People Stare Monsters in the Eye, Wherever It Is
Can you look this monster in the eyes? Turns out mere mortals gaze at non-human monsters in the eyes even if those peepers are located in bizarre places.
CREDIT: © Tom Foulsham
Using the fantasy game Dungeons & Dragons, scientists now find one way that people can treat monsters like people too, looking them in the eyes even when those eyes are not located in their heads.
These findings could help researchers better understand autism, where people often fail to meet the eyes of others.
Animals, including birds, dogs, goats, seals, dolphins, monkeys and humans, follow the gazes of where others look. This act of literally seeing others' point of view may have played a key part in the evolution of human socializing.
One question is whether or not people are biased to look at the eyes of others, or simply at the middle of faces where the eyes happen to be. Different brain areas are involved in looking at different parts of the body — the region known as the superior temporal sulcus is biased toward the eyes, while the nearby fusiform face area is fixated on the middle of peoples' faces.
Learning more about how people aim their gaze relative to that of other species could help to shed light on how these brain mechanisms evolved. It might also yield insights on what brain mechanisms might be compromised in disorders such as autism.
Into the eyes of a monster
To find out, researchers showed 22 university students images from Dungeons & Dragons depicting a range of characters: people; humanoid creatures with eyes in the middle of their faces, such as the game's dragonlike draconians and robotlike warforged; and monstrous creatures that either had eyes positioned outside their heads or lacked heads altogether, such as the amorphous gibbering mouther.
The investigators used cameras to track eye motions of the volunteers, who looked early and often at the eyes, even when it came to monsters.
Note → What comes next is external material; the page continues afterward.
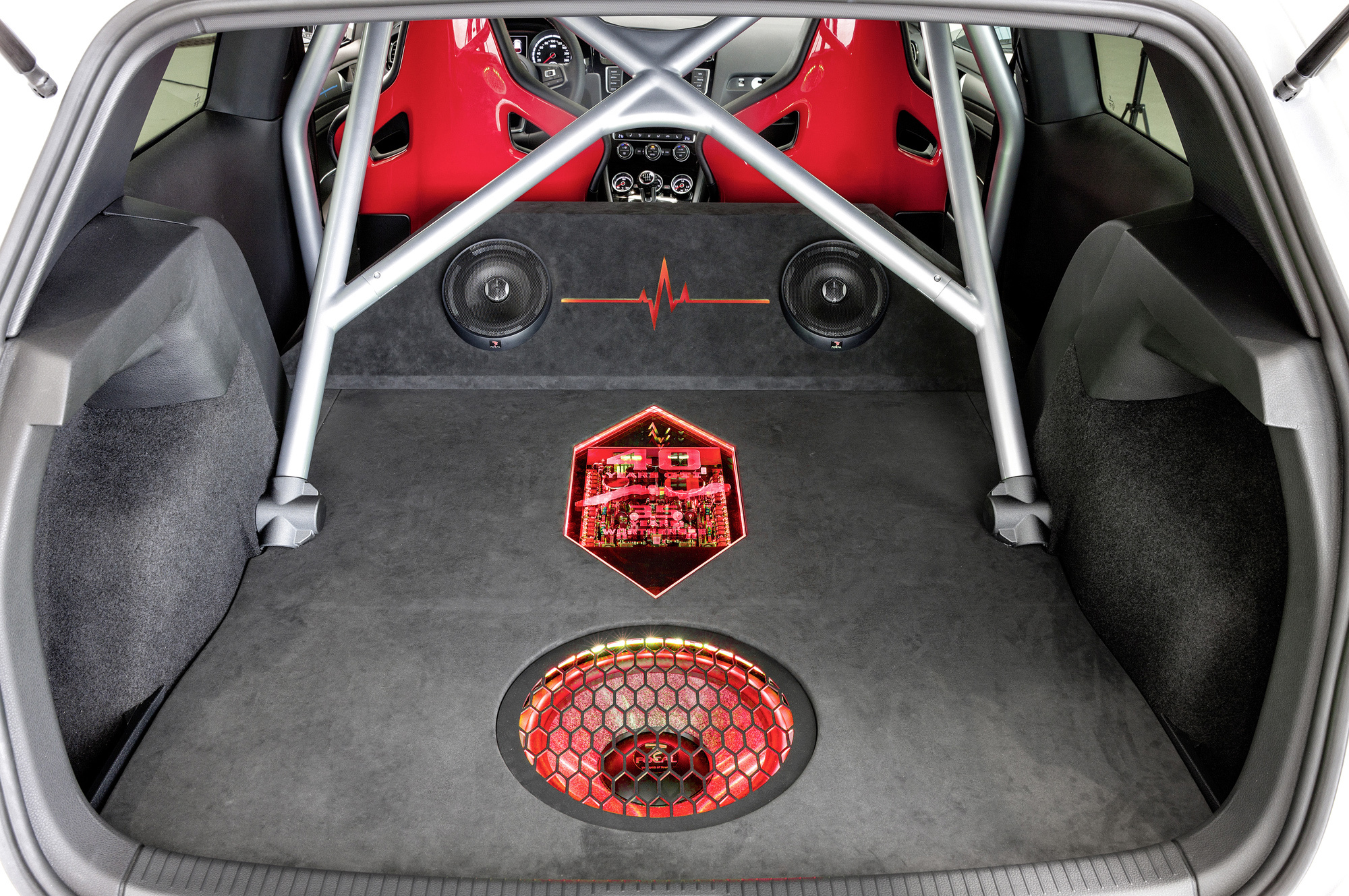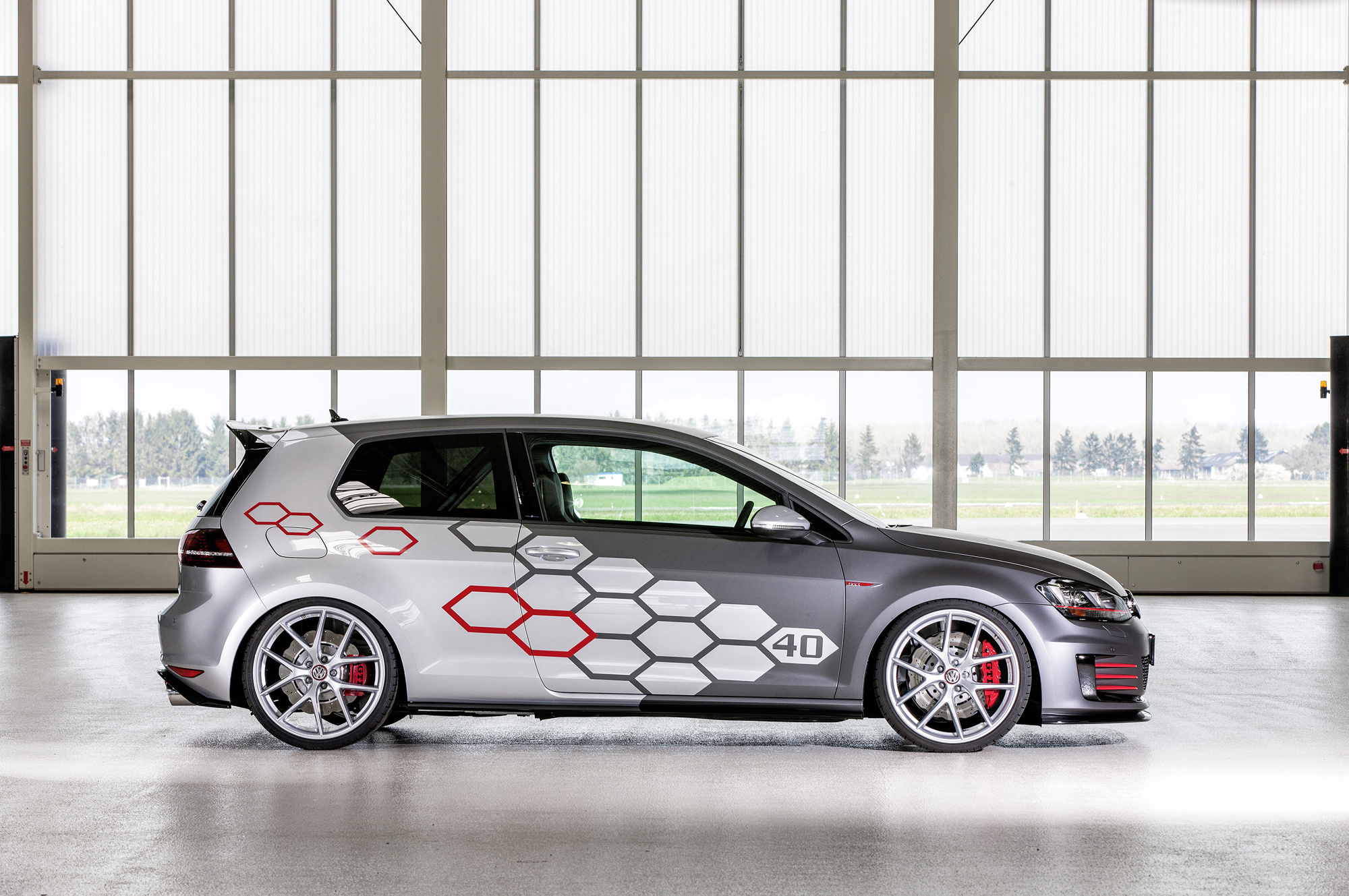 Помимо форсированного агрегата любому фестивальному Гольфу непременно полагаются дизайнерские фишки. В данном случае это сочетание основной окраски Reflex Silver c тёмно-серой плёнкой, сотами цвета Tornado Red и алюминиевыми колёсными дисками фирмы BBS (20 дюймов) в оригинальной окраске.

"I thought that people might eventually look at the eyes of monsters, but really doubted they'd look at them quickly," said researcher Alan Kingstone at the University of British Columbia in Vancouver. "I was truly shocked that people target the eyes about as quickly and as much as human eyes despite the fact that human eyes have the benefit of being located in a reliable position — that is, middle of the head in the front of the face." [Tales of Our 10 Favorite Monsters]
These findings suggest that people normally target the eyes, and not the middle of the head.
"I think that we should test people with autism, or students who vary on the autism quotient scale — more or less autism-like traits — to see if monster eyes are looked at less frequently and/or later when one is a person with autism and/or has autistic traits," Kingstone told LiveScience. "The prediction is that they should, and so as silly as it sounds, using monster stimuli might help to screen for autism. When it comes to human faces, people who are autistic often look typical on lab experiments because they may have been taught to look at the center of the head to target the eyes."
Game designer reacts
Dungeons & Dragons designer Bruce Cordell said these findings "resonate with me. The most effective visuals, speaking as a fantasy designer and also as someone who enjoys a good supernatural thriller, is when something I don't expect to be alive suddenly opens its eyes. Whether those eyes are regular-sized, or the size of manhole covers, their sudden opening incites a startling transformation, because my brain suddenly bestows the quality of purpose to what it thought was inert,” Cordell said.
"On the monster-design and monster art side of the question, I think these findings clearly indicate that the most effective monsters, or at least those monsters designed to portray purpose and intent, are ones with discernible eyes," Cordell sadded. "Personally, I'll stay clear of designing eyeless sludges in the future. However, if I must design a sludge, goo, or other wholly non-anthropomorphic creature, I'll throw in eyes, too."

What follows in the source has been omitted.